Englewood
Alex Pass flipped into the family’s Southern California pool June 22, broke his neck on the bottom, and felt nothing below his chest for three weeks.
Now at Craig Hospital with cervical spine damage, 16-year-old Pass can lift his left leg, move his toes and wiggle fingers.
On Sunday, Pass was watching TV as the Buffalo Bills’ Kevin Everett injured his C3 vertebra during a tackle in a game against the Denver Broncos.
“You don’t listen when they say you’ll never walk again,” Pass said. “I’d tell Everett you don’t listen to them.”
While many patients with injuries similar to Everett’s have passed through Craig – which specializes in the rehabilitation of spinal and brain injuries – their outcomes are impossible to predict, doctors here said.
Some cervical patients must rely on sip-and-puff devices to move a wheelchair, doctors said.
Increasingly, those with serious spinal injuries are pushing their wheelchairs with muscular arms – and even walking.
The key to improving prognosis doesn’t seem to be the steroid injections now common for reducing spinal inflammation, and maybe not even the cutting-edge saline injections Everett received, doctors say, but simple early interventions.
“It’s the way the medics put them on a backboard, immediate stabilization, decompression,” said G. Alexander West, a neurosurgeon at Swedish Medical Center in Englewood. “It’s the early care … and rehabilitation.”
Hospitals now treat spinal- cord injuries like heart attacks, he said, rushing patients first to imaging and then into decompression surgery to reduce pressure on the spine.
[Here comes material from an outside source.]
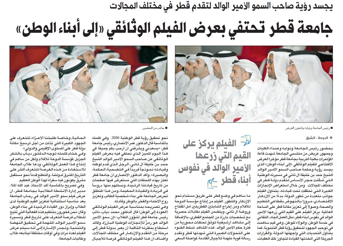 "جامعة قطر تحتفي بعرض الفيلم الوثائقي "إلى أبناء الوطن
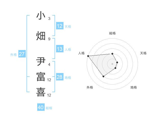 小畑 尹富喜さんの天格は12画の1点!

That pressure can cause extensive secondary damage, West said, and in the past, it often pushed patients with less severe injuries into the more serious “complete” category, with a total loss of sensation.
“Now, we have instruments to do everything. We can replace a disc. … We can use a cage to replace the whole vertebral body. We can stabilize the spine immediately,” West said.
Stabilized patients can be up and moving within days, which means fewer bed-related complications, such as pneumonia or urinary tract infections.
“It’s the small things that are making differences,” West said.
Cooling a patient down with chilled saline solution to preserve cells may someday prove to help prevent cell damage, West said – but the clinical studies are too new to bear out the value of deliberate hypothermia.
Studies have not borne out any effect of the steroid injections now given to virtually every spinal injury patient, said Thomas Belazy, a doctor at Craig Hospital.
Steroids decrease inflammation, and the injected drug is meant to reduce that damaging secondary inflammation
“But it doesn’t improve the outcome in studies yet,” Belazy said. “It’s probably used as much for medical liability reasons as anything else. The risks are real and the benefits are controversial.”
Steroids, for example, can leave patients more vulnerable to infections, he said.
By the time patients get to Craig – usually weeks after the initial injury – the opportunity for early intervention has passed, Belazy said.
Then, it’s all about rehabilitation, jumping on muscles that suddenly start twitching, getting a patient to really work on fingers that one day may begin to feel something.
“If the damage leaves no innervation, you can’t make that muscle work. But if there’s some, and you can make the cells work, you may not lose them,” Belazy said.
Belazy said he was baffled by the early, dismal prognosis Everett’s doctors discussed.
Even two weeks after injury, it can be hard to tell the difference between bruised tissue and spinal cells crushed beyond recovery, Belazy said.
Three weeks after Pass’ injury, he felt nothing below the chest, the young man said.
After getting back some movement in his legs and toes, he’s now focused on his fingers.
“They’re coming back,” Pass said. “I hope this just keeps going.”
Pass, who says he’s a huge Broncos fan, is also hoping Everett ends up with him in the Englewood hospital.
After that infamous tackle, Pass said, he and several other patients watched on a hospital television as Everett fell flat without dropping his hands to catch himself.
“Everybody in there, we all said ‘Oh, that’s the next Craig patient.”‘
Earlier this year, U.S. News & World Report listed Craig as one of the country’s top 10 rehabilitation hospitals.
Thursday, Everett’s doctors said their patient could wiggle his toes, bend his hip, move his ankles, elevate and kick his leg, extend his elbows and slightly flex his biceps.